I was halfway up Sugarloaf Mountain at a sort of lookout. I had to get my heart to quiet down before I could continue. It was reminding me that its been awhile since I last worked out. I knew the next section was steeper with sections of old cement stairs, rocks and the long set of steel rung steps. I now knew I had made the right decision to climb to the peak on this cold, dark November night. The sky was clear and the stars were out. I had been thinking about getting this photograph for a long time and knew that the snow would soon make this trip even more difficult. I also had some new star trail software to try out. The view of Campbellton and the Gaspe from the peak would make a perfect foreground for the stars.
I finally came over the last rocky scramble at the peak and soon was taking in the open view of the city below. The stars in the sky seemed infinite. I quickly took off my jacket to cool down and just as quickly put it back on once the cold November wind carried away all the heat I was building up. I explored the peak to find the best place to set up the camera. I tried the lookout platform but the grates made it hard to place the tripod and I thought there was enough wind to shake the platform. I finally settled on the smaller square column that made a perfect platform for a tripod. It was also the best angle for a split view of the city below with the stars above the dark outline of mountains on the Gaspe Peninsula.

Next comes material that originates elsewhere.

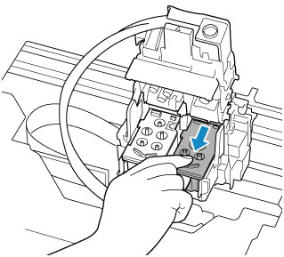 Tryck ned låsluckan på skrivhuvudet tills den klickar.

I put fresh batteries in the camera and my remote release, and took a few test shots. I adjusted the exposure and added a grad-ND filter to balance out the brightness of the city below and make the stars brighter. I started the timer to take 30 second exposures every 30 seconds. My “work” was done for the next hour if my batteries didn’t die before then from the cold. I put on my gloves to keep warm and I continued to explore the peak and take in the spectacular view.
I found several other angles from the peak that I wanted to photograph when the timelaspse/startrail sequence was complete. Then I waited. I wondered how the startrail photo would turn out, wondered if the wind was shaking the tripod, wondered if I was wasting my time when I could be back at the hotel going to bed early. Then I realized that I would want to be here even if I didn’t have the camera. What an incredible way to spend a clear, starry, November evening.
When the hour was up I quickly set up to take the other photos I had planned. I played with light painting the rocks and the lookout platform. The wind was much colder now so my hands were getting quite numb. I finally packed everything up and started my decent, which would eventually take me back to a warm bed at the hotel, dreaming about what I could do differently on my next visit.